The song has been covered by a number of artists and bands including:
- Irish worship band, Rend Collective, in their 2013 album Campfire.
- Contemporary Christian music group The Katinas in their 2014 album Sunday Set, accompanied by a music video
- The vocal quintet Veritas in their self-titled 2014 album Veritas
- The Christian reggae band Christafari in their 2015 album Anthems. Their version features additional vocals by Avion Blackman. The release was accompanied by a music video.

At Passion 2014 in Houston, it was sung by the song's co-writer Matt Redman. It was also performed at Passion 2015 in Houston, featuring vocals from Chris Tomlin, Brett Younker and Kristian Stanfill.

Parts of the song were incorporated by rapper KB as part of his track, "10k", on his 2020 album His Glory Alone. It peaked at No. 36 on the Billboard Hot Christian Songs chart.

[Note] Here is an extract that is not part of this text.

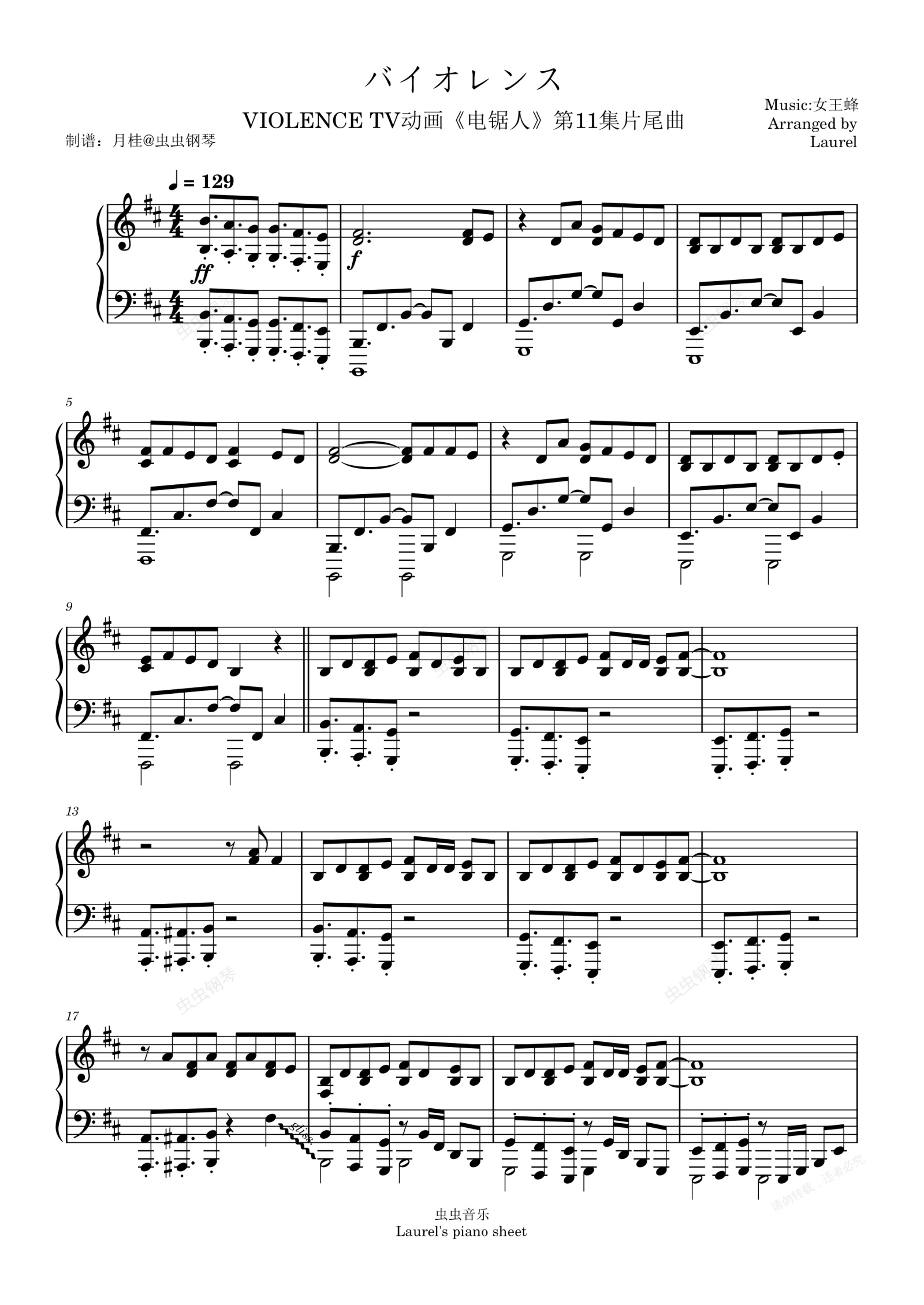 钢琴谱:バイオレンス(VIOLENCE)-TV动画《电锯人》第11集片尾曲完整版

The song has been translated into a number of languages. It was recorded in Spanish as "Diez Mil Razones (10,000 Reasons)" by Evan Craft in an acoustic version in his 2012 album Yo Soy Segundo. and in German as "Zehntausend Gründe" ("10,000 Gründe") by the German Christian band Outbreakband and recorded on their album Das ist unser Gott, a live album performed at the Glaubenszentrum Bad Gandersheim.

== The book ==

Cover of 10,000 Reasons: Stories of Faith, Hope, and Thankfulness Inspired by the Worship Anthem

Matt Redman co-authored with Craig Borlase the book 10,000 Reasons (full title 10,000 Reasons: Stories of Faith, Hope, and Thankfulness Inspired by the Worship Anthem). In the 176-page book published in 2017 by David C Cook Publishing Company, and a foreword written by Christian author Max Lucado, Redman shares details behind the song's creation and explores the influences and experiences the song generated with many vivid examples of inspiring stories, experiences and testimonies by individuals in their greatest time of need.